EXERCISE OBJECTIVE
Please restate word for word the lines of the entries below from the one with "Сквер наповнили зеленню: посадили" to the one with "Смеситель для кухни", inclusive, and leave out every picture.

DATA RECORDS
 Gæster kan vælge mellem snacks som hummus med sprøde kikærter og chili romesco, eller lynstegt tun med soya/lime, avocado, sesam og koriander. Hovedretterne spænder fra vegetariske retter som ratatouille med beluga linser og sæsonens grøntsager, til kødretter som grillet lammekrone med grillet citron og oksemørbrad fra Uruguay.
...
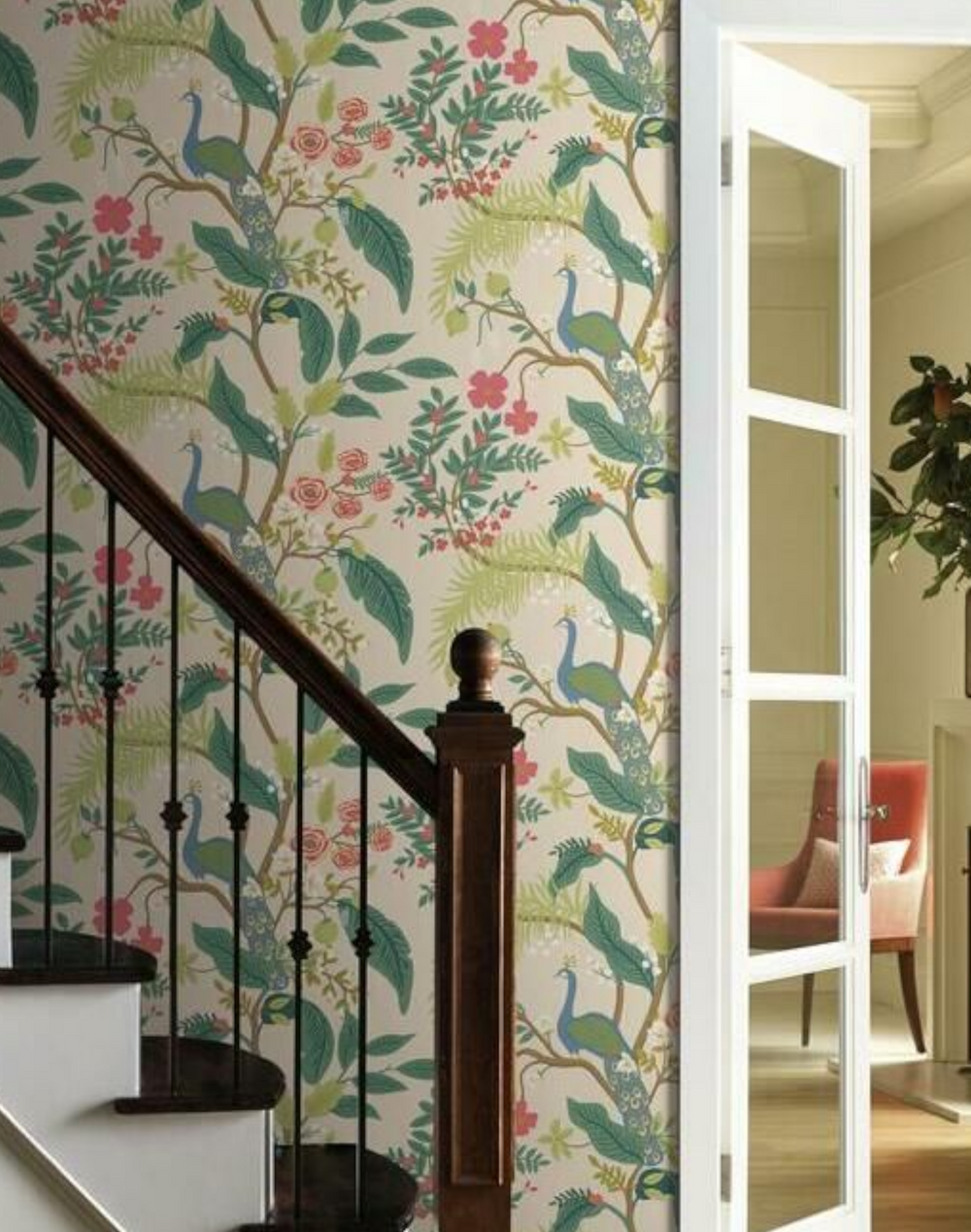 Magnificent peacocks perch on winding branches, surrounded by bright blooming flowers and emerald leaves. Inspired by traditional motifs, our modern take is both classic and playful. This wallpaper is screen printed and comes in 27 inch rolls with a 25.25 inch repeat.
...
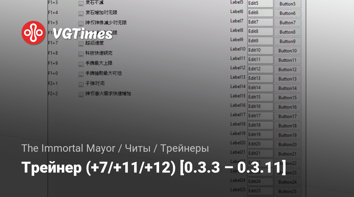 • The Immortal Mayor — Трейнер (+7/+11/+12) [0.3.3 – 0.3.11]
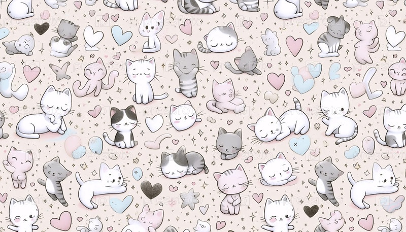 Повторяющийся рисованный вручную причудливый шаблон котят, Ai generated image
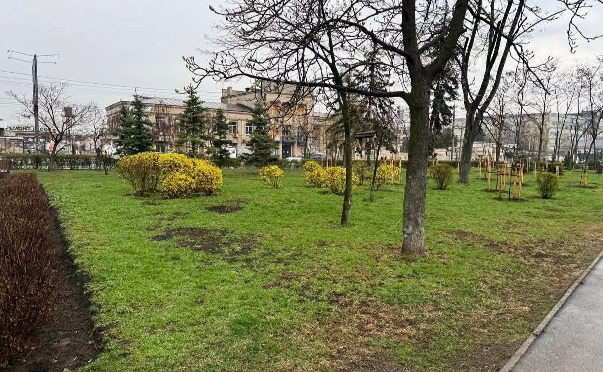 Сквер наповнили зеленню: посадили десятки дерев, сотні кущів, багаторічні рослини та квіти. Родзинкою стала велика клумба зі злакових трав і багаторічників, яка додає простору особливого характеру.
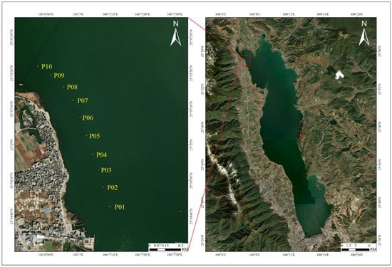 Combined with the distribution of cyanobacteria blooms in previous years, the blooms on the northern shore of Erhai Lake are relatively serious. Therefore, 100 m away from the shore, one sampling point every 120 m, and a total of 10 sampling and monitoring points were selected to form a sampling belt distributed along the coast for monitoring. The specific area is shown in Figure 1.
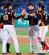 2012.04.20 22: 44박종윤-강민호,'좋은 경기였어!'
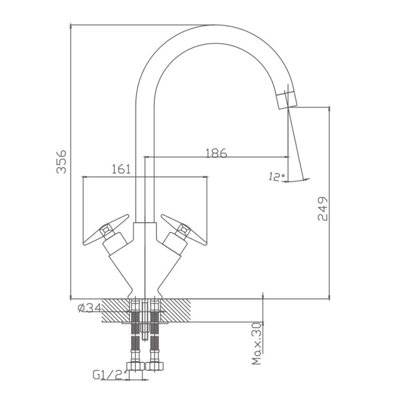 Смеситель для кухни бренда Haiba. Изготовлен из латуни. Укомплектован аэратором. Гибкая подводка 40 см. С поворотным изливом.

SOLUTION
 Сквер наповнили зеленню: посадили десятки дерев, сотні кущів, багаторічні рослини та квіти. Родзинкою стала велика клумба зі злакових трав і багаторічників, яка додає простору особливого характеру.
 Combined with the distribution of cyanobacteria blooms in previous years, the blooms on the northern shore of Erhai Lake are relatively serious. Therefore, 100 m away from the shore, one sampling point every 120 m, and a total of 10 sampling and monitoring points were selected to form a sampling belt distributed along the coast for monitoring. The specific area is shown in Figure 1.
 2012.04.20 22: 44박종윤-강민호,'좋은 경기였어!'
 Смеситель для кухни бренда Haiba. Изготовлен из латуни. Укомплектован аэратором. Гибкая подводка 40 см. С поворотным изливом.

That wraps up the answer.